Maine GOP rejects censorship of Senator Susan Collins after her vote to condemn Trump

Collins, who won a competitive re-election last year in a state that President Joe Biden carried, escapes censorship because some of his Republican colleagues in Congress have faced reactions at home, including censorship from their state parties, for upsetting the former president.

The committee’s final vote was 19 to 41 to censor Collins, his office said in a statement, which the Republican Party of Maine also confirmed to CNN.

“The party leadership considers this issue resolved now and the team is preparing to win the elections in 2022,” Jason Savage, executive director of the Maine GOP, told CNN on Saturday.

In a statement on Saturday, Collins called the committee’s vote “a testament to the Republican Party’s ‘big tent’ philosophy that respects different points of view but unites around central principles.”

In February, some members of the Maine GOP state committee condemned Collins’ vote to condemn Trump as they were considering formal censorship.
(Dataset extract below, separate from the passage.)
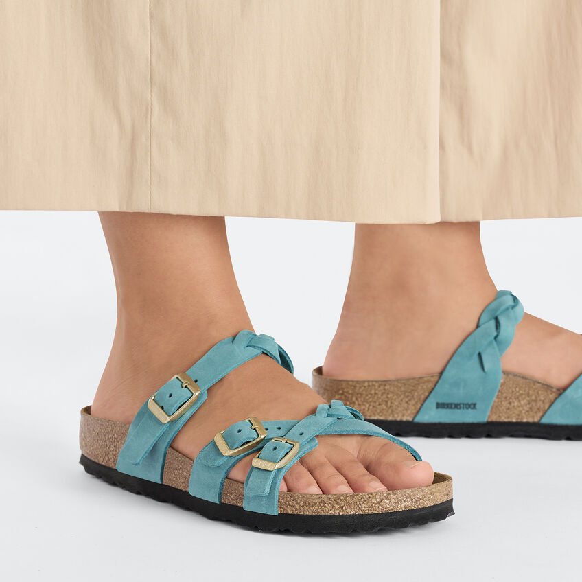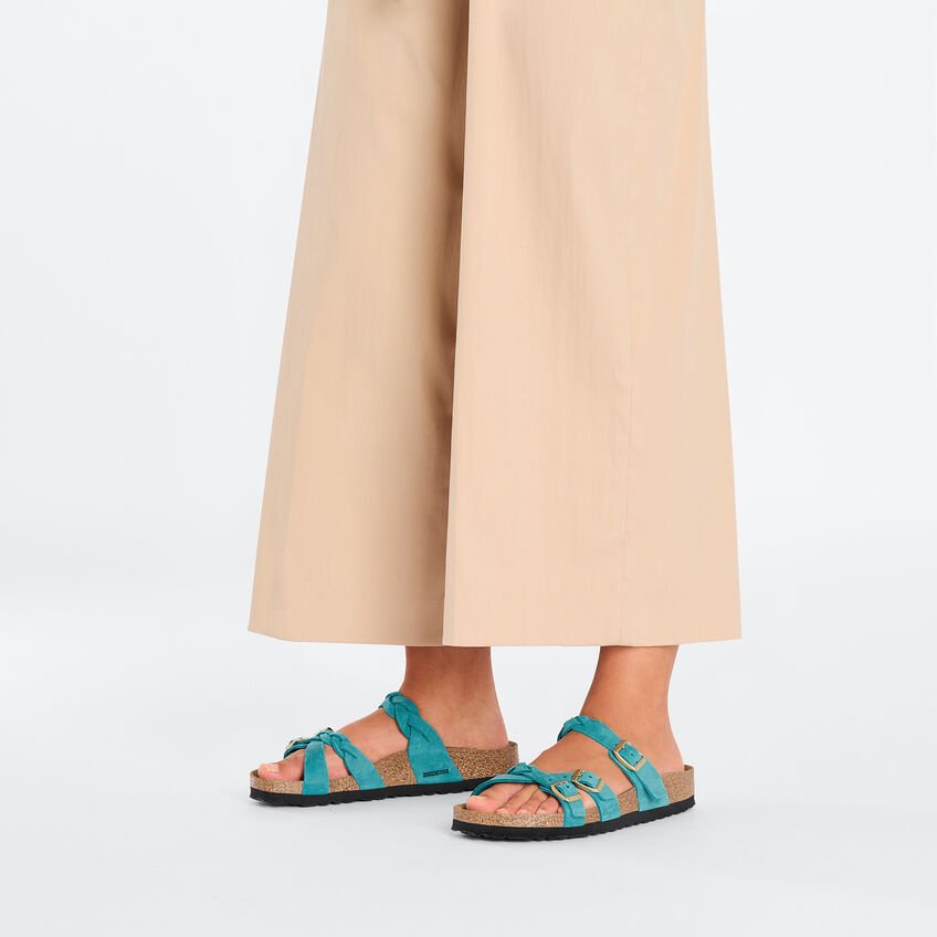 BIRKENSTOCK Franca è un sandalo dinamico con sottili cinturini incrociati. La riuscita combinazione di design e comodità accompagna con eleganza e praticità le donne che amano la moda, tutto il giorno. Qui il modello si presenta con un dettaglio particolare: i cinturini sono lavorati con motivo a intreccio e sono perfetti per i moderni stili boho. La tomaia è composta da pelle nabuk particolarmente spessa e oliata, lavorata a cuciture aperte.

“We strongly disagree with your vote on this issue and condemn it in the strongest possible terms,” ​​wrote some members of the committee – including the president and vice president of the state party – in a letter to Collins at the time. Some members thought that Trump’s second impeachment trial was politically motivated and unconstitutional, considering that Trump was no longer in office.

They added that they heard from Mainers across the state that they were “almost universally outraged by this action and demanded that we take action in response”.
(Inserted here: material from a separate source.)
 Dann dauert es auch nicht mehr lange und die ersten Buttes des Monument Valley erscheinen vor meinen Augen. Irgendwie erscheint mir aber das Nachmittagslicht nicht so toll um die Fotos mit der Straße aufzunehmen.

But committee members also said they “want to continue to work” with Collins “to help expand that electoral success and replicate it in other contests in Maine and throughout New England.”

Collins, the only New England Republican remaining in Congress, was elected to a fifth term in November. She cannot be re-elected until 2026.

On January 6, a mob attacked the US Capitol trying to prevent Congress from certifying the 2020 elections. A week later, the United States House accused Trump of an impeachment article inciting insurrection. The Senate voted for Trump’s acquittal in February. Collins was one of seven Republican senators who voted to condemn him.

The moderate Republican senator defended her vote. In a speech on February 13 to the Senate floor, she said that “Trump’s actions to interfere with the peaceful transition of power – the hallmark of our Constitution and our American democracy – have been an abuse of power and constitute the basis for condemnation” .

Some of the senators and representatives who voted this year in favor of impeaching or condemning Trump were or are facing censorship from their state party. The GOP Sens. Richard Burr of North Carolina, who is not running for re-election, and Bill Cassidy of Louisiana were censored by their respective state Republican parties for their votes to condemn Trump.